Музей, большой, как орбитальная станция, и пыльный, как египетская пирамида, встретил меня зловещей тишиной. Среди древних орудий из истлевших костей, здесь ходили люди и молчали от страха. Если кто-нибудь случайно издавал громкий звук, все оборачивались на него и негодовали: так можно было потревожить обезьяноподобных предков, чьи фигуры стояли у стен и следили за всем остекленевшим взглядом. Все эти австралопитеки, архантропы и неандертальцы назывались экспонатами. Пыль с них никто не сдувал: дотрагиваться до древних чудовищ боялись, чтобы те не очнулись.

До меня и прежде доходили слухи, что люди этого измерения произошли от человекоподобных обезьян. Но, только увидев их предков, я поняла, почему люди бояться собственных корней. Гены древних прадедов в любой момент могли проснуться — и тогда польются реки крови, как в палеолите, когда человекоподобные шли племя на племя, ели вражеских воинов и их младенцев, а из костей побежденных делали наконечники для стрел.

Труп мамонта, выдолбленный из вечной мерзлоты и помещенный за стекло, не помог мне составить суждение о тепловых свойствах его шкуры. Шкура трупа истлела, некогда густой и теплый мех разложился на элементарные частицы двадцать тысяч лет назад.

Я вышла из музея и продолжила жить по собственному расписанию: вместо лекций — институтская библиотека, и никаких талонов на обед в столовой.

Кузнечик тоже жил по расписанию. Он больше не чистил тротуары от снега. Вместо этого он три раза в неделю работал ночным продавцом в продуктовом магазине.

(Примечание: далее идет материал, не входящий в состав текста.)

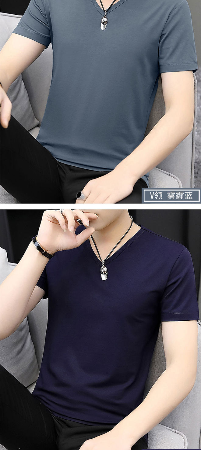 반팔 티셔츠 남성용 여름 얇은 베이스 셔츠 슬림핏 단색 한국 스타일 내부 티셔츠 십대 여름 새로운 스타일스토어 가기
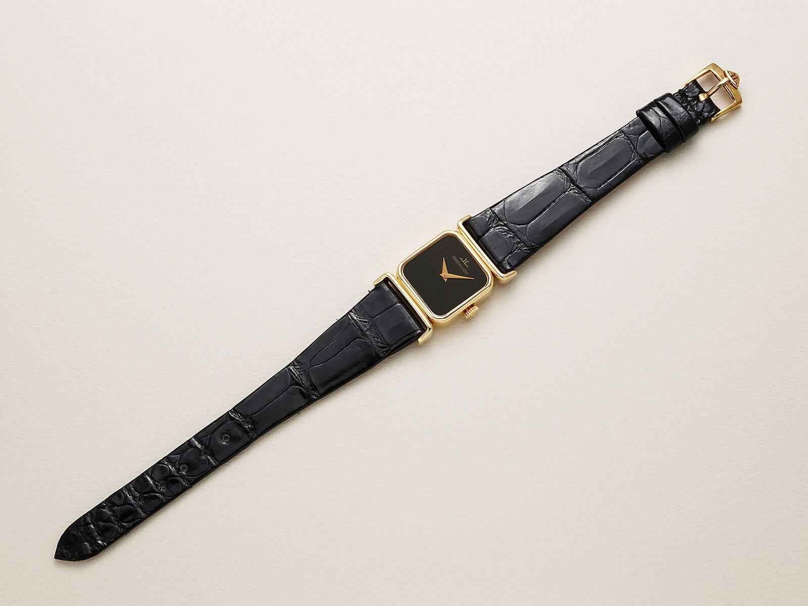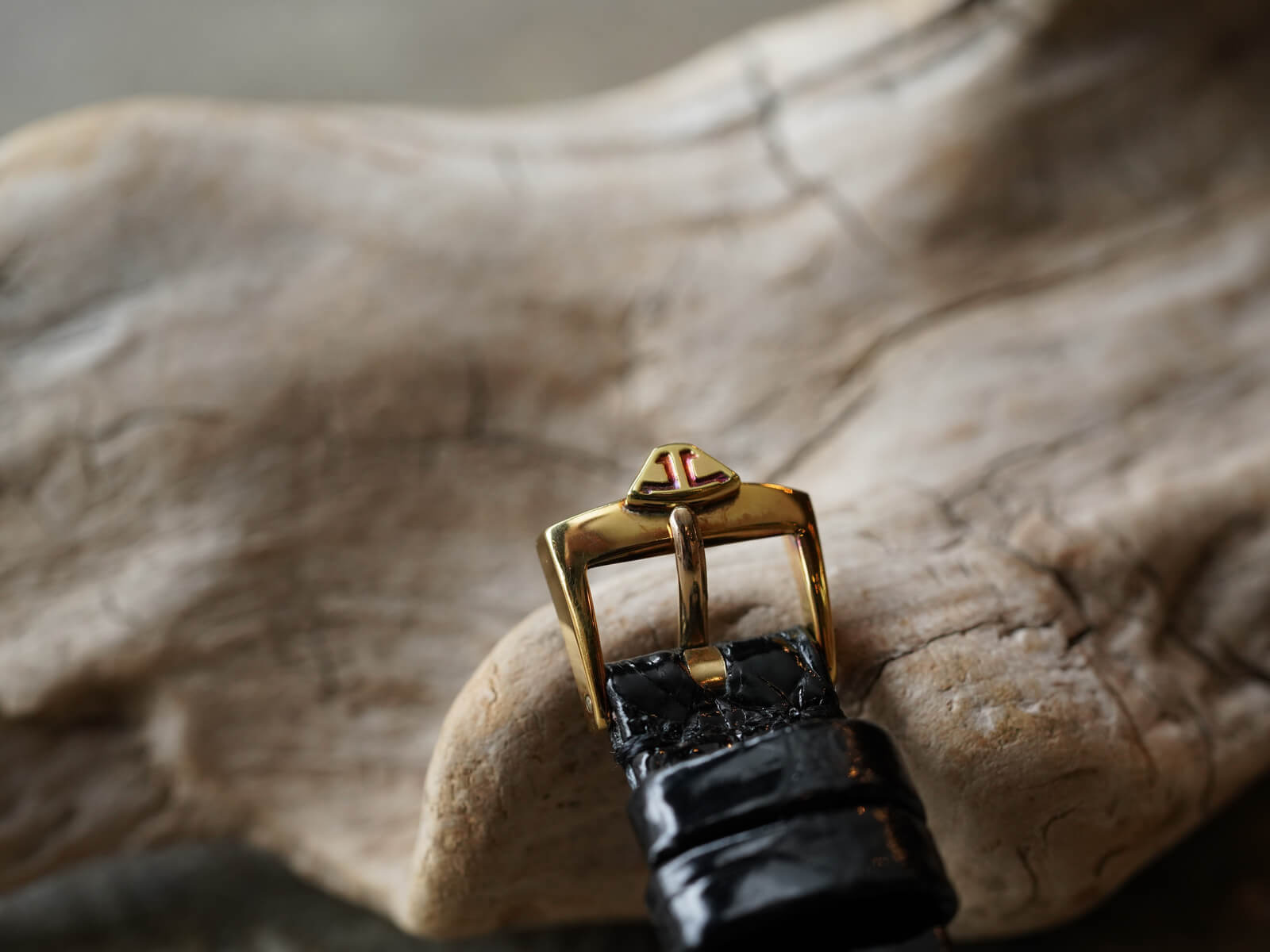 レザーブレスには、当店オリジナルのクロコダイルレザーブレスのブラックをセレクト。貴重な純正尾錠も付属しておりますので、共にお使い頂けることをお勧め致します。漆黒のダイアルが際立つ高級感と上品な雰囲気を感じさせる美しい時計を是非お手に取ってご覧ください。

По расписанию шла и ночная жизнь в магазине. Ровно в одиннадцать вечера приходил бородач за пачкой пельменей. В час ночи Толик по прозвищу Суповой набор, наведывался за чекушкой. А во втором часу из подземного перехода выползала старуха. На груди у нее висела картонка, на которой было написано: «На убийство Чубайса». Эту надпись внук для нее придумал — и старуха была за это ему очень благодарна. Раньше, когда она сидела в переходе с другой картонкой, люди бросали ей гораздо меньше мелочи. А теперь даже иногда бумажные деньги давали. Старуха покупала полбуханки черного и кусочек сыру. «Спасибо богу и внучеку», — говорила она и уходила.

Денис возвращался в общагу под утро, садился на пол у батареи и думал о далеком северном поселке, где прошло его детство, о родителях, которые хотели только одного — чтобы стал он приличным человеком. Думал о том, что он все-таки мудак, раз приличным человеком становиться не хочет, и этого не искоренить. Люди одинаково плохо относятся к мудакам и к тем, кого они считают лучше себя. Так думал Денис, сидя у батареи и засыпая.

А потом стучал в стену поэт Петров — это означало, что Кузнечику с морпехом пора просыпаться и идти на лекции. Поэт стучал ровно восемь раз, а потом включал радиоприемник и отправлялся на общую кухню, чтобы поставить на плиту чайник.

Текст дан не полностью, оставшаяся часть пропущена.